A violência doméstica impacta de forma profunda e negativa a vida das mulheres pretas. São dois marcadores, gênero e raça. Em 2022, das mulheres atendidas pelo projeto Renascer, de apoio a mulheres em situação de violência, 49% se autodeclararam negras, 30%, pardas. Assim, 79% das mulheres atendidas eram mulheres negras. Ou seja, a violência tem cor.

O Brasil é o quinto país que mais mata mulheres no mundo, e o segundo maior em população negra. A violência doméstica atinge de forma brutal e covarde mulheres e crianças pretas. Raça é marcador social e de violência. Apenas nos primeiros 45 dias de 2023, seis mulheres foram assassinadas em Brasília. O Estado falhou na proteção, a rede falhou, nós falhamos. O feminicídio é uma morte evitável.

Algumas dessas mortes aconteceram na frente de crianças. Restam danos psicológicos e psicossociais. São os órfãos do feminicídio. Essa violência não termina com o feminicídio. Segue-se a negligência do Estado, a omissão em relação a essas crianças. É uma questão urgente e necessária. Temos um grave problema social e não podemos fingir que não existe. Queremos políticas públicas efetivas para as mulheres que alcancem também essas crianças. O poder público deve propiciar redes integradas com estruturas adequadas que atendam a demanda.

O processo de adoecimento das crianças é agravado pelo racismo. A discriminação nega direitos, silencia e leva a outros tipos de violência. Precisamos refletir sobre o impacto social e psicológico do feminicídio das mulheres pretas e combater o fenômeno. Racismo e machismo podem ser desconstruídos. Há uma conivência do Estado que se omite em suas ações de proteção e redução de danos. Segundo o Fórum Brasileiro de Segurança Pública, mais de 2.300 pessoas tornaram-se órfãos do feminicídio no Brasil em 2021. É necessário compreender os efeitos do feminicídio e do racismo na vida desses órfãos para desenvolver políticas públicas específicas. Chega de invisibilizar mulheres e crianças negras e indígenas vítimas dessa violência.
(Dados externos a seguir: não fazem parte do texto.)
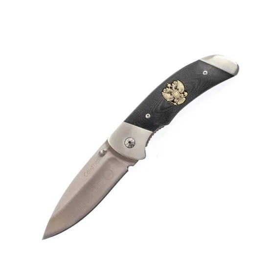 Нож Сенатор- это простой и надежный вариант на каждый день. Нож сочетает в себе классическую геометрию клинка, удобную рукоятку и бюджетные материалы. Набор этих элементов позволил выпустить универсальный нож с невысокой стоимостью. Нож имеет высокие линзовидные спуски, что обеспечивает возможность создания бритвенно острой режущей кромки. К тому же здесь используется нержавеющая сталь средней твердости, которая легко затачивается с помощью любых подручных средств: карманная точилка, донце блюдца, кожаный ремень. На рукояти ножа расположен двух главый орел, который представляет собой герб России. Благодаря этой небольшой детали нож можно использовать в качестве подарка.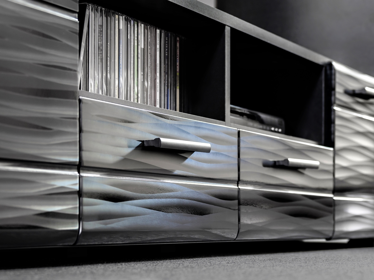 Современный настенный блок modica из производителя польской мебели furniva l - олицетворение инновационного стиля и функциональной формы твердых тел. Предложение рассматривается любителям смелого стиля и инновационного дизайна. Набор имеет характерный декор фронтов с эффектом 3D и освещением типами RGB стеклянных полков. Черные матовые тела идеально адаптируются с мерцающими фронтами сахары. настенный блок Modica в течение длительного времени порадует как гостей, так и самого домохозяйства.

Há uma falha em proteger mulheres e crianças negras. Quando uma mulher é assassinada, o Estado falhou em sua responsabilidade e provavelmente falhará nos desdobramentos desses casos. A sociedade diz para as mulheres romperem o silêncio, mas o Estado não garante ajuda. Elas querem sentir-se seguras, mas a realidade é ainda mais difícil para mulheres negras com essa cultura de sexualização de seus corpos. E se antes a criança assiste de forma passiva à agressão contra a mãe, desencadeando-se uma violência vicária e não raras vezes pode resultar em homicídio das próprias crianças como forma de atingir a mãe. Ademais, submeter a criança a ambiente violento pode gerar futuramente a reprodução de comportamentos aprendidos,desadaptativos e disfuncionais. Também não se ensina como lidar com a dor, não se fala sobre ela.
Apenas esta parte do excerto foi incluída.